*** Opening PROVIDED MATERIAL ***
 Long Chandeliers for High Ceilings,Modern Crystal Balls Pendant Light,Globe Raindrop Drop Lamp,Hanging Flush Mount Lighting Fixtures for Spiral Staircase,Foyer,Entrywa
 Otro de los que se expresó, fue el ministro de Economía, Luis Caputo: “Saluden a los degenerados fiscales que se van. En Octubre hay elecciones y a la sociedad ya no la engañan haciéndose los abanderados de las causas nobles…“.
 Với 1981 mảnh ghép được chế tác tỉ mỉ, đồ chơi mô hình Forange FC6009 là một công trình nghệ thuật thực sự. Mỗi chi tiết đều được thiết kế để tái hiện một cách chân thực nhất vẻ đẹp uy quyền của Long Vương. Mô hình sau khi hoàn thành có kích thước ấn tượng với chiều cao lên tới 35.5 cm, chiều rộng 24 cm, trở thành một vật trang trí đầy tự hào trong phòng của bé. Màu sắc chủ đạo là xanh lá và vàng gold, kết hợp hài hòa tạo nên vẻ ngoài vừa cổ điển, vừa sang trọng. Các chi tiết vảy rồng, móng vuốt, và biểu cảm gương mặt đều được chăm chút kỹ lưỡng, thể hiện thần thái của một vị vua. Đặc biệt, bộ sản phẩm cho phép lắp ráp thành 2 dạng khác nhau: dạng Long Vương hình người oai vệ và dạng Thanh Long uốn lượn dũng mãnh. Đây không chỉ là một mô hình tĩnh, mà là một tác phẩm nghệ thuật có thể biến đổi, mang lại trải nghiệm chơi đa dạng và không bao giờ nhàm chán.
*** Closing PROVIDED MATERIAL ***
• PROBLEM: Retype the listing above without a single difference.

• EXERCISE OUTPUT:
 Long Chandeliers for High Ceilings,Modern Crystal Balls Pendant Light,Globe Raindrop Drop Lamp,Hanging Flush Mount Lighting Fixtures for Spiral Staircase,Foyer,Entrywa
 Otro de los que se expresó, fue el ministro de Economía, Luis Caputo: “Saluden a los degenerados fiscales que se van. En Octubre hay elecciones y a la sociedad ya no la engañan haciéndose los abanderados de las causas nobles…“.
 Với 1981 mảnh ghép được chế tác tỉ mỉ, đồ chơi mô hình Forange FC6009 là một công trình nghệ thuật thực sự. Mỗi chi tiết đều được thiết kế để tái hiện một cách chân thực nhất vẻ đẹp uy quyền của Long Vương. Mô hình sau khi hoàn thành có kích thước ấn tượng với chiều cao lên tới 35.5 cm, chiều rộng 24 cm, trở thành một vật trang trí đầy tự hào trong phòng của bé. Màu sắc chủ đạo là xanh lá và vàng gold, kết hợp hài hòa tạo nên vẻ ngoài vừa cổ điển, vừa sang trọng. Các chi tiết vảy rồng, móng vuốt, và biểu cảm gương mặt đều được chăm chút kỹ lưỡng, thể hiện thần thái của một vị vua. Đặc biệt, bộ sản phẩm cho phép lắp ráp thành 2 dạng khác nhau: dạng Long Vương hình người oai vệ và dạng Thanh Long uốn lượn dũng mãnh. Đây không chỉ là một mô hình tĩnh, mà là một tác phẩm nghệ thuật có thể biến đổi, mang lại trải nghiệm chơi đa dạng và không bao giờ nhàm chán.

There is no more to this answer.